Russia has embarked on a multibillion-dollar military modernization program and Russia's top general, Valery Gerasimov, said last week that support for Russia's strategic nuclear forces combined with improvements in conventional forces would ensure that the United States and NATO did not gain military superiority.

 

He said the Russian military would receive more than 50 new intercontinental nuclear missiles this year.

 

In December, Putin signed a new military doctrine, naming NATO expansion as a key risk. Before the new doctrine was agreed, there had been some calls from the military to restore to the doctrine a line about the right to a first nuclear strike.

 

Doctrine

This was not included in the new doctrine, however, which says Russia reserves the right to use nuclear weapons in response to a nuclear strike or a conventional attack that endangered the state's existence.

 

NATO's 2010 "strategic concept" says deterrence, "based on an appropriate mix of nuclear and conventional capabilities, remains a core element of our overall strategy."

 

Washington and Moscow have traded accusations that the other has violated a Cold War-era arms control agreement.

 

The United States accuses Moscow of violating the 1987 Intermediate-Range Nuclear Forces treaty by testing a ground-launched cruise missile.
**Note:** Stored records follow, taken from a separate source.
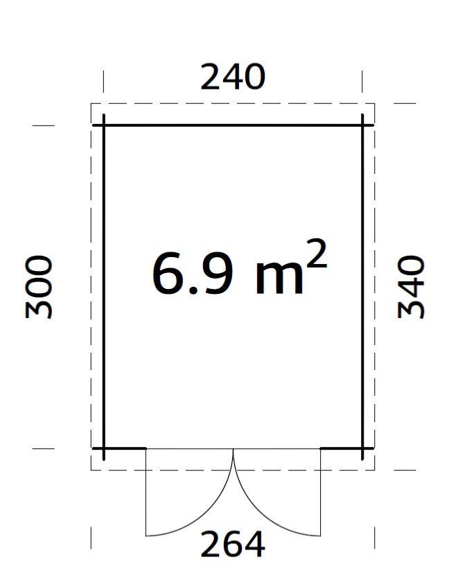 Dimensions extérieures paroi (largeur x profondeur) : 240 x 300 cm=  7,2 m²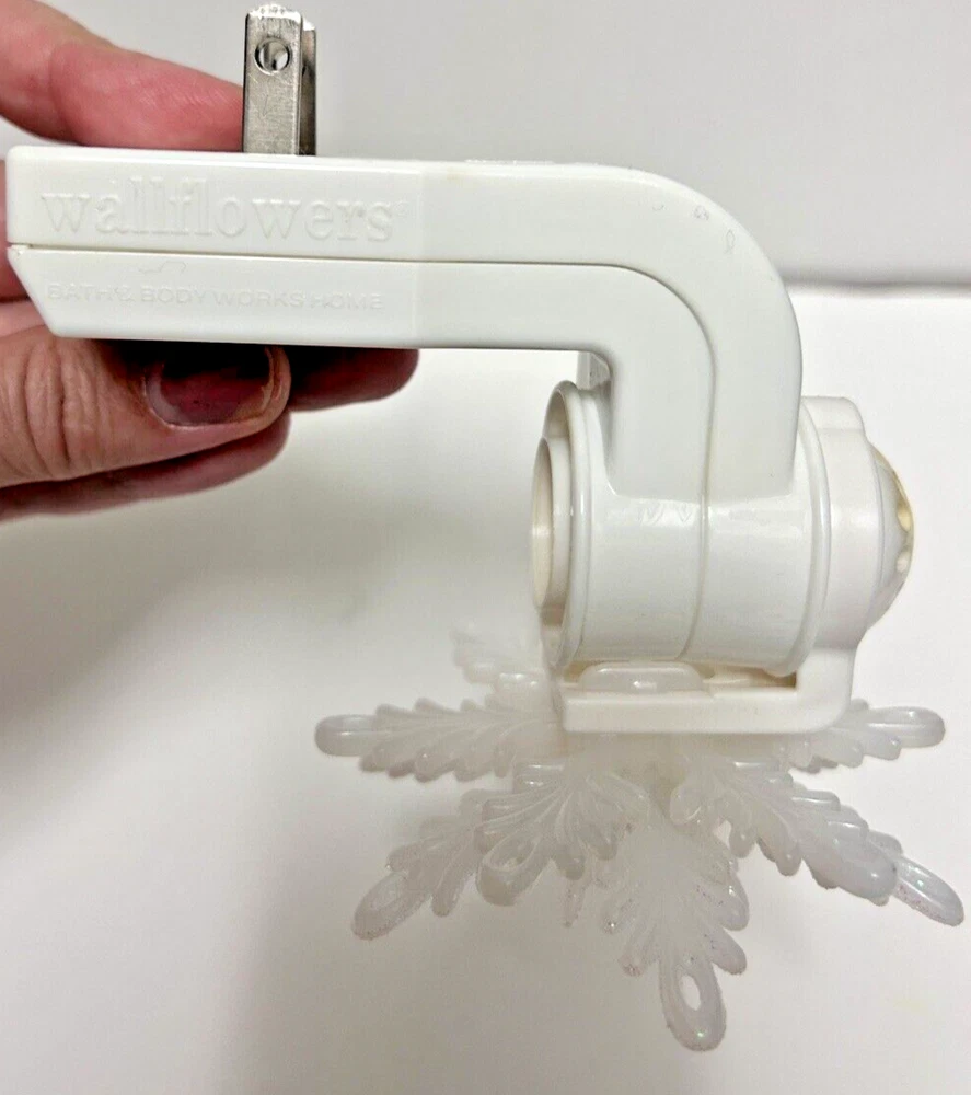 Bath and Body Works Wallflower Diffuser Plug in & Nightlight Snowflake Design Preowned in great condition. Some stains from the plug in oils. Does not affect use. Selling as is. Pet and smoke free.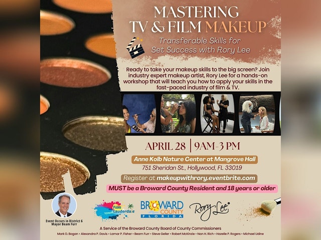 NOTE: REGISTRANTS MUST BE A BROWARD COUNTY RESIDENT AND 18+ OR OLDER. SEATS ARE LIMITED! The Broward County Film Commission is offering a workshop opportunity for Makeup Artists who want to expand their reach into the film and TV industry and learn about how they can apply their skills working on-set. Attendees will learn from industry expert Makeup Artist, Rory Lee who's work can be seen on TV & film, commercials, fashion & entertainment, music videos, sports and print. Workshop Overview - Mastering TV & Film Makeup: Transferable Skills for Set Success * Equip makeup artists with the essential skills and knowledge to work on TV and Film sets. * Understand industry protocols, etiquette, and professionalism. * Learn about essential products, application techniques, and kit must-haves. * Gain insights on NDA's, contracts, deal memos, and career-building strategies. * Experience hands-on demonstration of on-camera makeup techniques. NOTE: REGISTRANTS MUST BE A BROWARD COUNTY RESIDENT AND 18+ OR OLDER. SEATS ARE LIMITED! More about Rory Lee: Rory Lee is CEO and Lead makeup artist of MakeupByRory, Inc., a company of global freelance hair, makeup, and wardrobe stylists. She is a licensed esthetician with a chemistry background and the founder of her namesake makeup line RoryLee ® . Rory is also the Founder of “Our Girls Enrichment Program”, a 501c3 non-profit initiative that provides workshops in makeup application and life's lessons, as a tool to enrich and empower young women. She is a multiple award winning leader, on the crews of Suncoast Emmy’s and Telly awards and one of the 50 Most Powerful & Influential Leaders in Business & Industry, among so much more!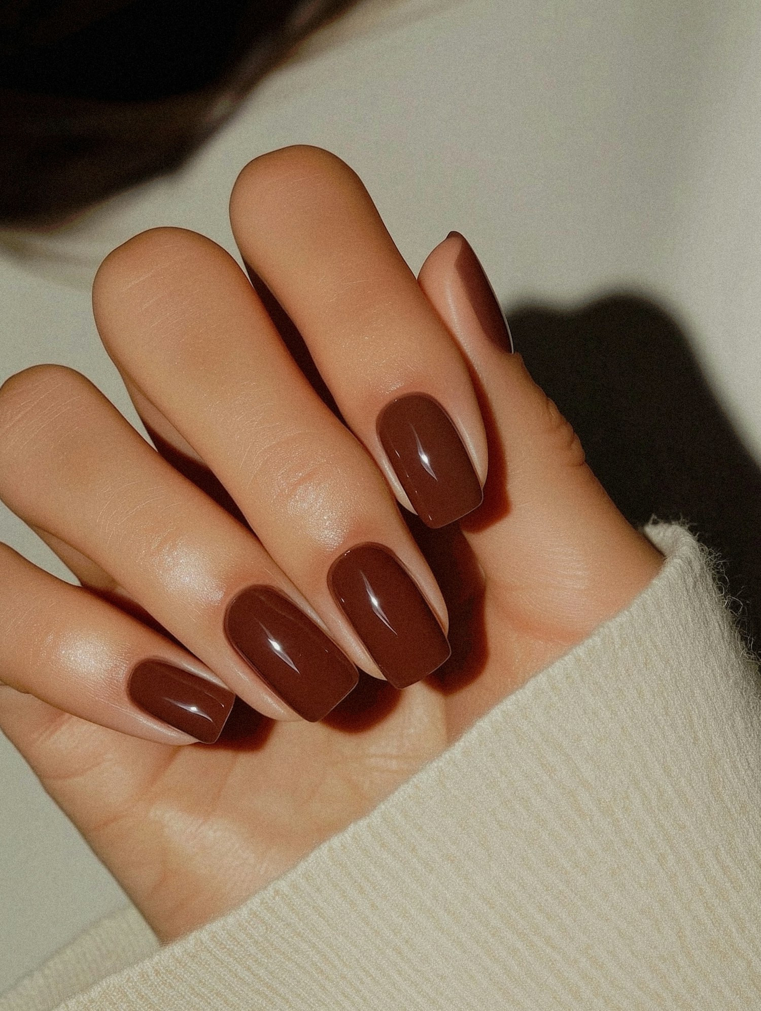 Close-up of a hand with glossy brown square-shaped nails against a cream sweater backdrop.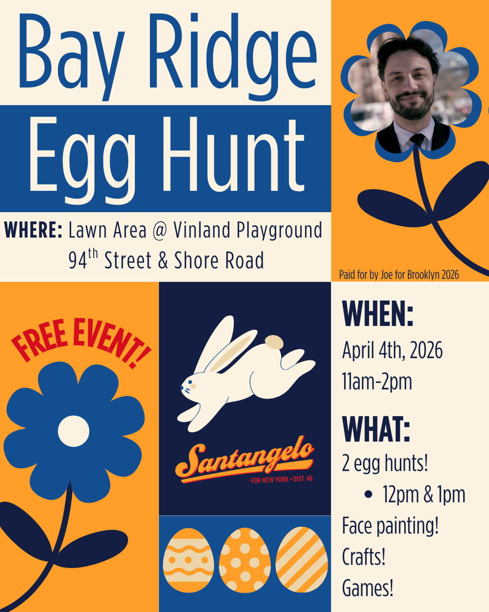 Join the Santangelo campaign for a free egg hunt! We will have face painting, crafts and games for the family! There will be an egg hunt at 12PM and 1PM.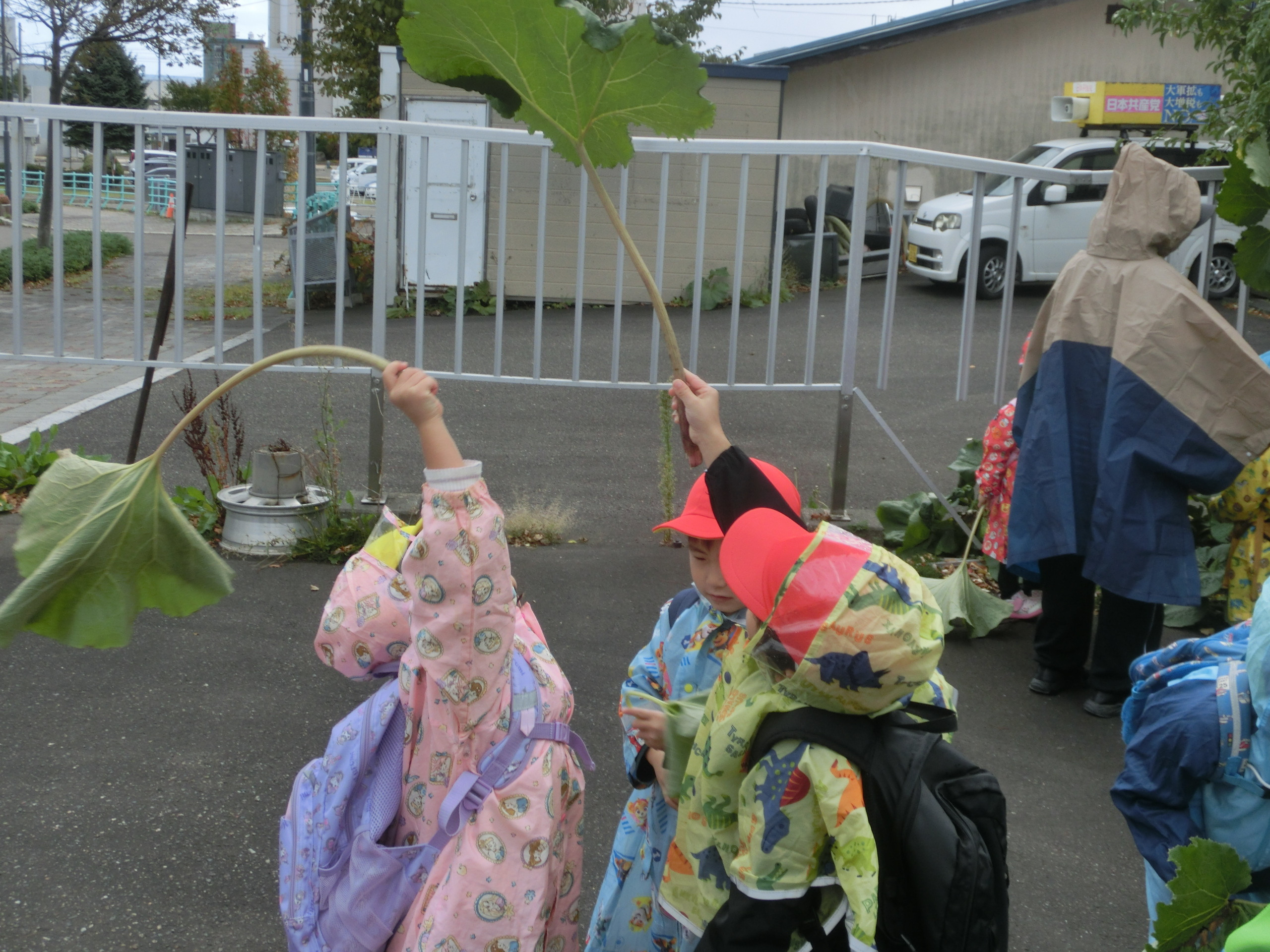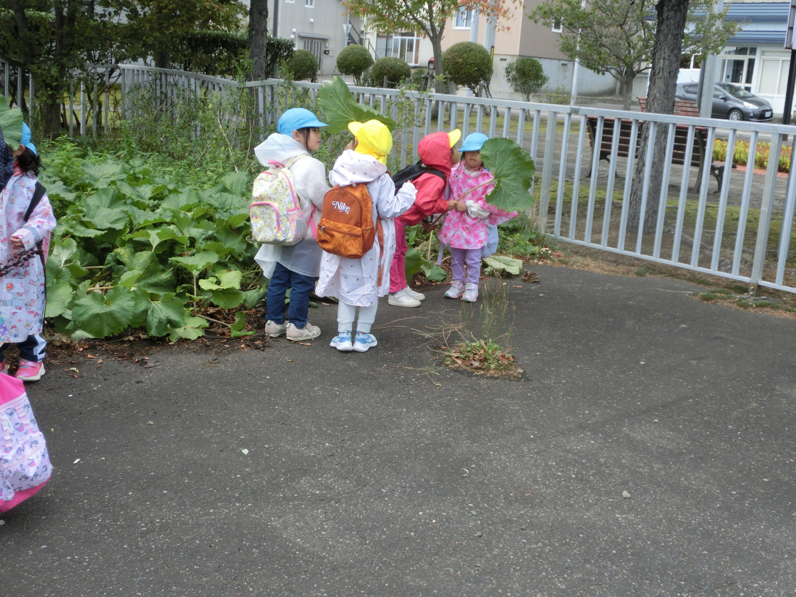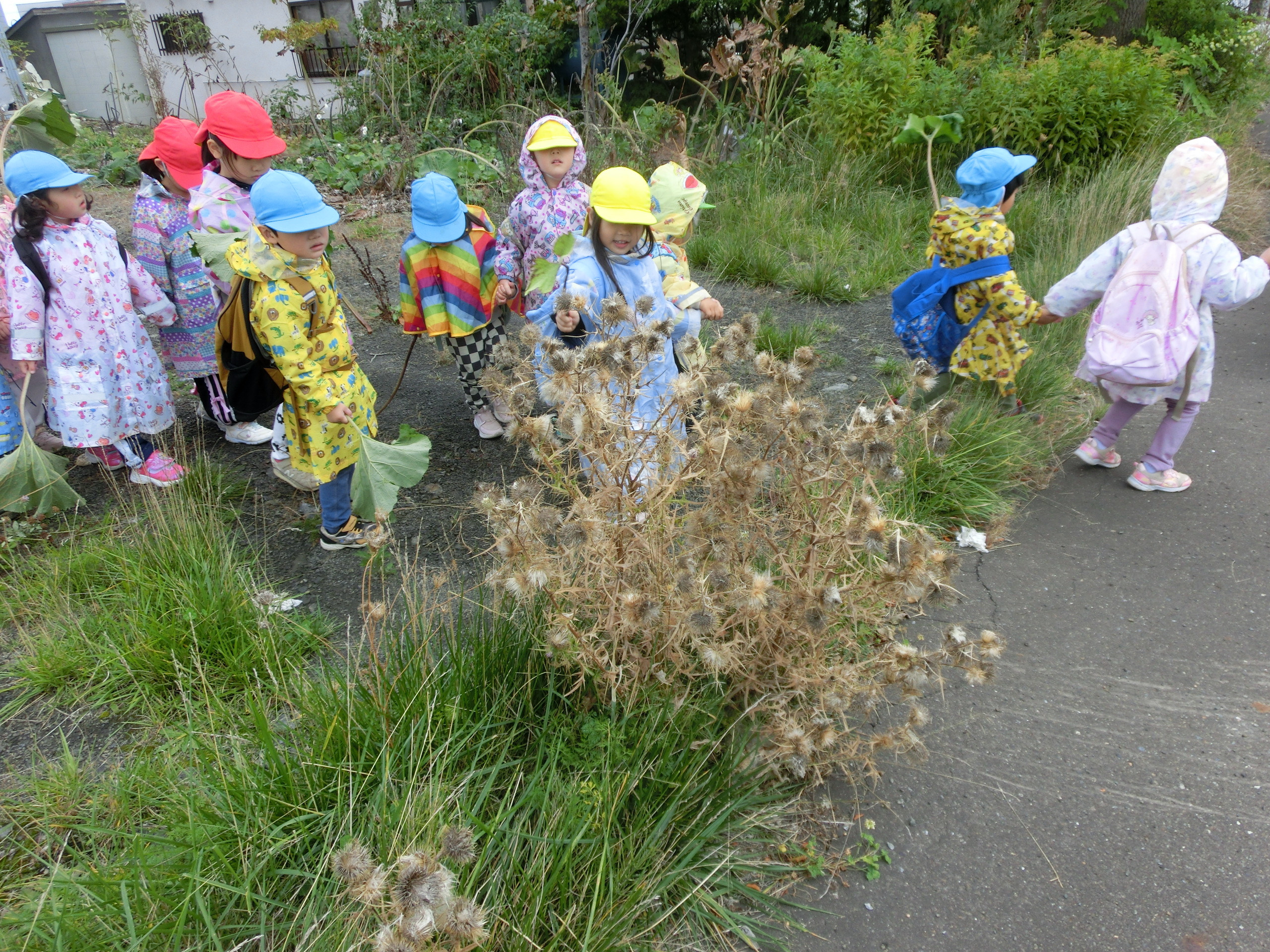 そして歩いて行くと、フキを見つけたので傘にしました。木の間をグルグルしたり、秋の草花を見ながら歩きましたよ。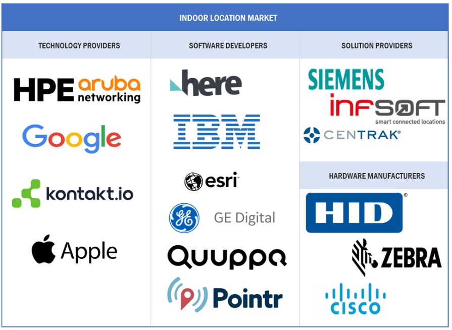 - Competitive Assessment: In-depth assessment of market shares, growth strategies and service offerings of leading players like Zebra Technologies Corporation (US), Cisco (US), Google (US), Microsoft (US), HPE (US), Apple (US), Esri (US), Acuity Brands(US), Inpixon(US), HERE Technologies (US), HID Global (US), CenTrak (US), Sonitor (Norway), Ubisense (UK), infsoft (Germany), Polaris Wireless (US), Quuppa (Finland), Securitas Healthcare (US), Navigine (US), Blueiot (China), Kontakt.io (US), AiRISTA (US), InnerSpace (Canada), Syook (India), Oriient (Israel), Navenio (England), Situm (Spain), Pozyx (Belgium), Azitek (Portugal), and Mapxus (China).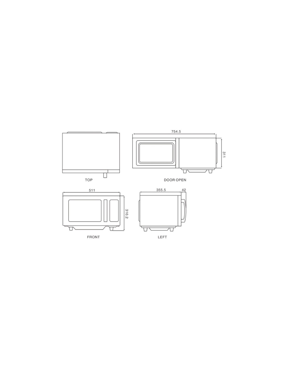 Microondas profesional de 25 L con potencia de salida 1000 W y base cerámica plana. Control soft-touch, 5 niveles, hasta 100 programas y función X2. Cámara inox 327×346×200 mm y medidas 515×431×311 mm. Tensión 230 V.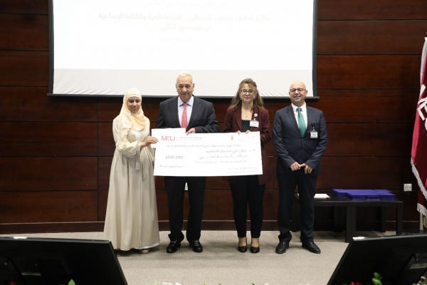 عمّان – قال رئيس مجلس أمناء جامعة الشرق الأوسط العين الدكتور يعقوب ناصرالدين، على هامش تكريمه الطلبة الفائزين في مسابقة "الدكتور يعقوب ناصر الدين للقراءة الحرة والكتابة الإبداعية”، إن مثل هذه المسابقات تعزز النمو الفكري، والكفاءة اللغوية للطلبة، وتجعلهم على ترابطٍ أقوى بثقافتهم وهويتهم.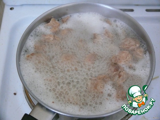 В кипящую воду положить шницель, посолить, варить 15 минут.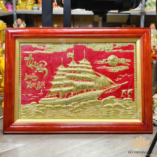 Tranh Thuận Buồm Xuôi Gió Bằng Đồng Khung Gỗ Ngang 70cm Cao 50cm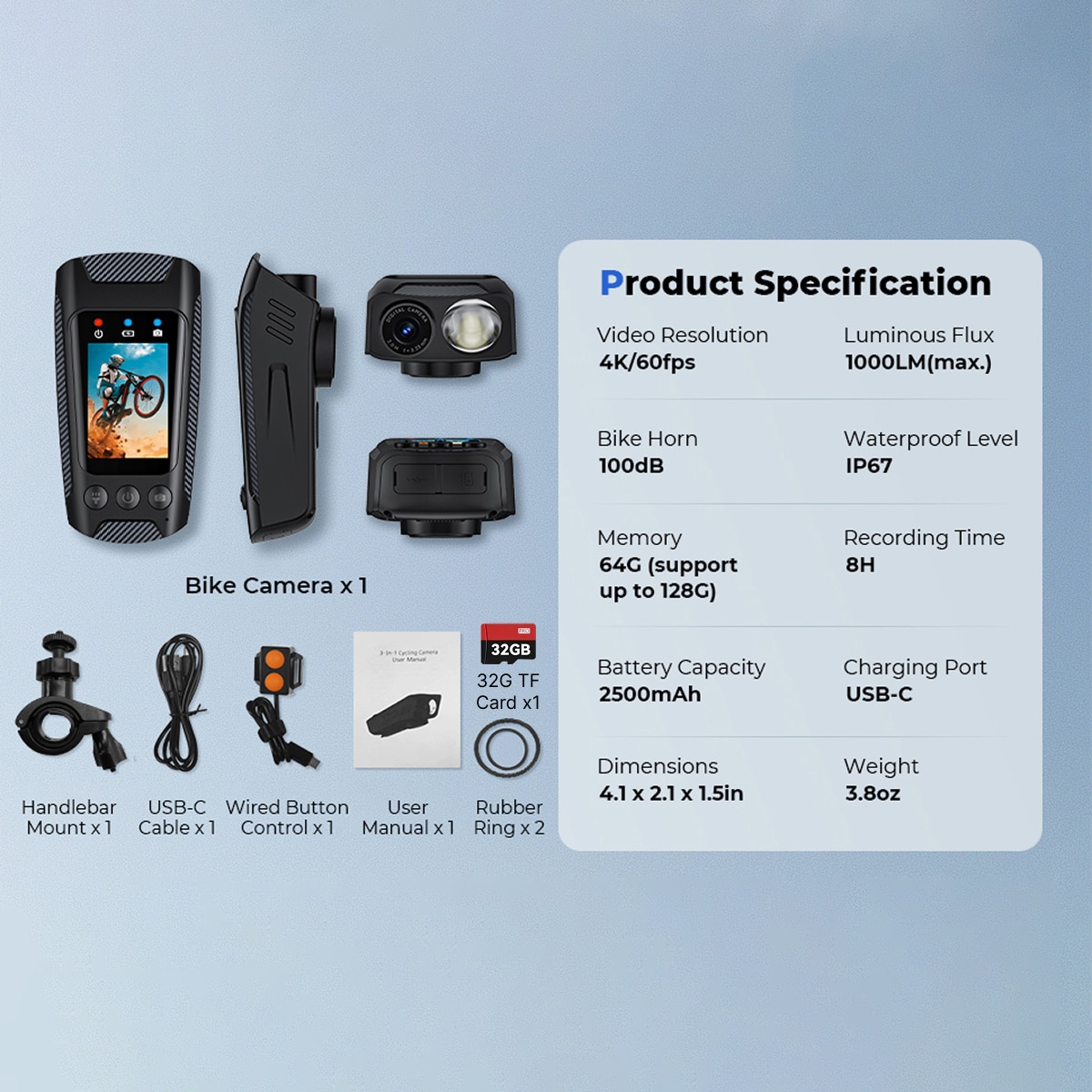 The RoveCamet Bike Camera's 2500mAh battery provides up to 8 hours of continuous recording, ensuring long-lasting performance on every ride.

Russia argues that Washington's use of drones and other intermediate-range arms amounts to a violation of the treaty.

 

A senior NATO official said Russia's Zapad exercise in 2013 was "supposed to be a counter-terrorism exercise but it involved the [simulated] use of nuclear weapons."

 

The Arms Control Association (ACA), a Washington-based advocacy group, estimates Russia has about 1,512 strategic, or long-range, nuclear warheads, a further 1,000 non-deployed strategic warheads and about 2,000 tactical nuclear warheads.